In this post, we’ll talk about how audio encoding affects the streaming experience. I’ll cover some basics—like what is a codec—and then discuss the benefits of audio encoding, the pros and cons of the most common codec formats, and how to make sure your audio encoding complements your video encoding.
Engineer at an Audio Encoding Workstation_Image

What Is a Codec?

The term codec is a combination of the words coder and decoder. A codec is a standard for encoding and decoding multimedia files to represent data in a specific format.
Codec types inside a video clip
The first thing a codec does is encode a video or audio file. For lossy codecs, this involves dropping “extra” information from raw or uncompressed audio files in order to reduce file size while maintaining as much quality as possible. This process involves a sequence of complex mathematical functions.
The second role of a codec is to decode, which is essentially playing back a video or audio file that’s been encoded. Think of it as reversing the math from the encoding step.
In short, an audio codec is a protocol for compressing digital audio to save space during transmission and then decoding for playback with the video.

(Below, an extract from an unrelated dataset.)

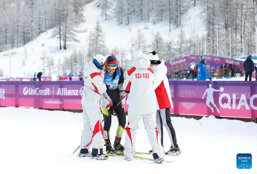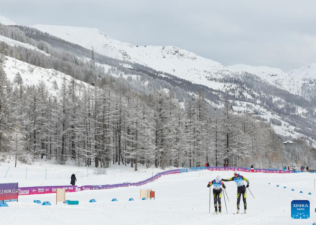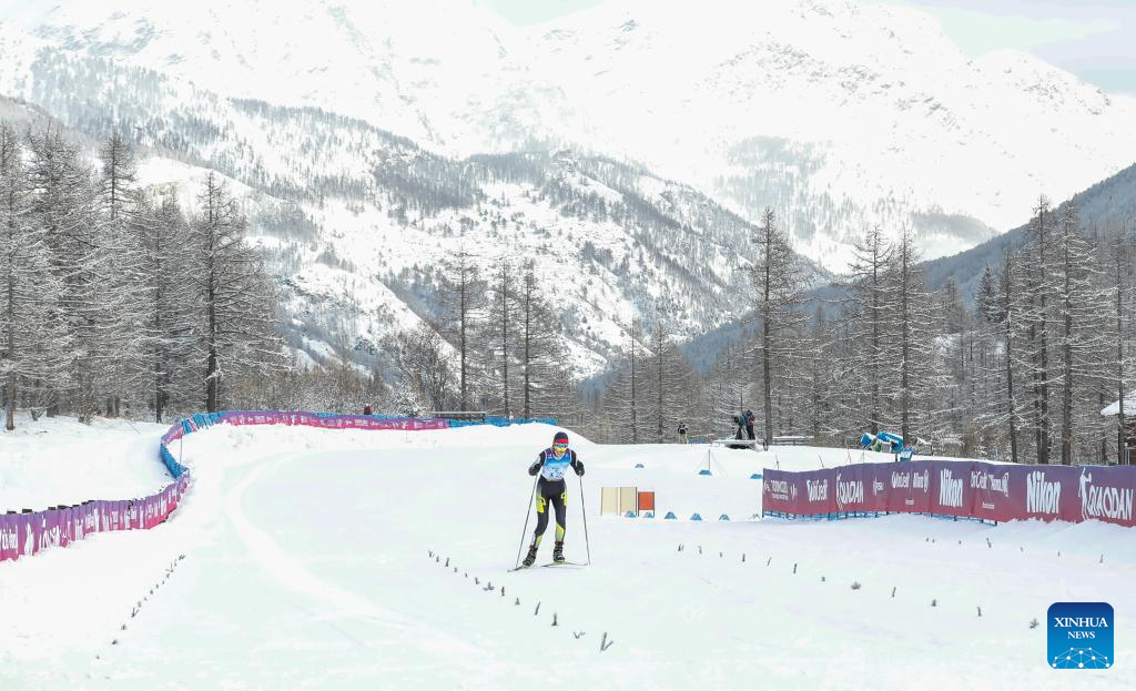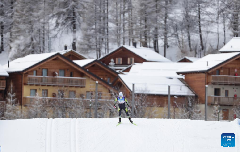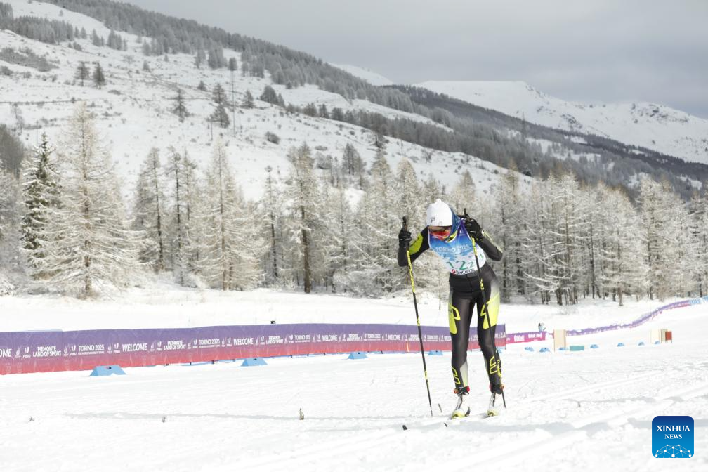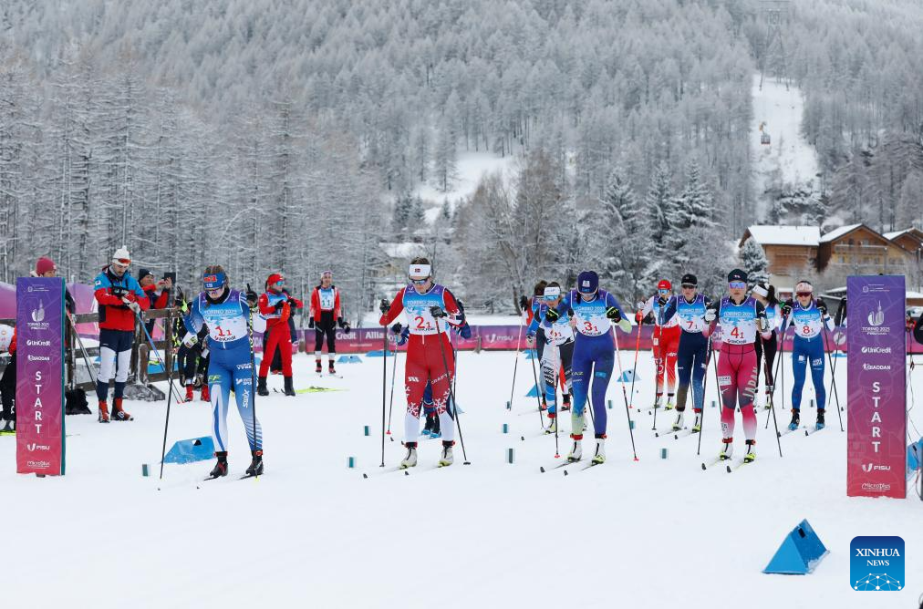 Zang Xiaokun of China competes during the cross-country skiing women's 4x7.5km relay at the 2025 FISU Winter World University Games in Pragelato, Italy, Jan. 21, 2025. (Xinhua/Zhang Fan)

Advantages of Audio Encoding

If your application delivers audio or video (or even still images), knowing your options for encoding is useful. For instance, if you know the specs of different audio/video codecs and the best use cases for each, you might be able to improve the experience of users with a bad internet connection.
Here are just a handful of advantages of proper audio encoding:

Less storage space is needed: Encoded data files are smaller, so you should be able to save space on your storage. This is ideal if you have large amounts of data that need archived.
Data is sent over the network faster: Encoding removes redundancies from data, so again, the size of your files is a lot smaller. This results in faster input, even with bad internet connections.
Encoded files consume fewer resources: They reduce the resources required from your machine, like the amount of RAM and processing power when you’re listening to audio files.
Adaptable: Different codec formats are useful for different kinds of projects. For example, the AAC codec can use different frequency ranges with the help of joint encoding to achieve higher quality, a smaller file size, or, the best scenario, both. More advanced audiophiles will notice and appreciate these changes while playing your audio.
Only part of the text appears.